When a game seems to rely on holding your controller and using the Wiimote to draw with your right hand, though, it’s tough. I’m not sure whether it entirely explains my issues with the motion control in this game, but drawing with my right hand was impossible, while doing it the other way round seemed to make it difficult to do the normal movements associated with the game. It’s possible some adjustments for accuracy means it feels off if you’re left handed, and that made the control scheme less than desirable. And now it’s time for the right-handed perspective.

It has been over two years since I had last played this and I really enjoyed the chance to play this again (and I will be honest it was painful to watch how much Jeroen struggled with this). Seeing how the controls were a bit of an issue for Jeroen I’ll start there. The original version of this game was for the Playstation 2 which meant that the brush strokes are controlled by the analog sticks. Seeing how the Wiimote added motion controls (and that this was published by Capcom) this was a natural fit right?

In some ways yes. However, in some ways the Wiimotes inaccuracies pre-MotionPlus are a bit of a weakness. There is a section where you aid in the blooming of a cherry tree after watching a rather long dance. The circles you need to make for this are rather fiddly but it really takes the cake when it takes a good ten minutes for it to register 5-6 circles. It’s hard to not throw the Wiimote at the TV when this happens.

The real strength of the game is the use of Japanese mythology in this game (something I won’t go into since a really good friend of mine wrote an incredibly in-depth article here). But this links into an even better part of Okami… the art style. Going along with the ink-powered attacks this game has be styled so that it resembles traditional Japanese (like the one I have hanging above the computer). By doing this Clover Studios have created something truly timeless. Other games from this year have started to look dated but this looks just as good as when I first played it years ago (same thing as when we played The Wind Waker a few years ago). I understand that the original version featured a slightly over the top papyrus effect. It’s probably a good thing it’s not there all time now, but the world turning more papery when you start drawing is a nice effect.

The story of this game doesn’t exactly matter too much. It’s a good story but since it is still very enjoyable 2 years later having forgotten the majority of the game’s goings on (yea I never finished this game because I got stuck on a tricky bit involving scrolls then got annoyed and headed back to university after Easter break). In this you play the Sun Goddess in the form of a wolf, over the course of this game you are fighting the big evil whilst collecting the ‘brush strokes’. These brush strokes allow you to control the passage of day and night, harness the powers of the wind, bring flowers into bloom as well as other pieces of elemental magic. In a way you’re cleaning the world – ridding it of evil and nastiness. Evil is linked to some sort of pollution here. It’s not a heavy message, but instead rather more natural, but it leads to some nice additional side areas. For example, you get to befriend animals, but to do so you need to bring them the right type of food.

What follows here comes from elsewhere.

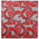 Dinner napkin in a William Morris Art Nouveau textile pattern, digitally enhanced and colored - stylized peonies and leaves in shades of deep Chinese red, vivid red, and white, against a medium silver gray / grey background

Similar to Flower this game is in, some ways, a rather spiritual experience. With some demon ass-kicking action. Never a bad mix when done well.

Final Thoughts

If you want to buy this for the Wii I would really recommend it (even if you are left-handed, just ask my friend Kat). However, if you are not keen to use controls that have a tendency to be patchy then there is always the PS2 version. If you didn’t pawn your PS2 for gaming money that is.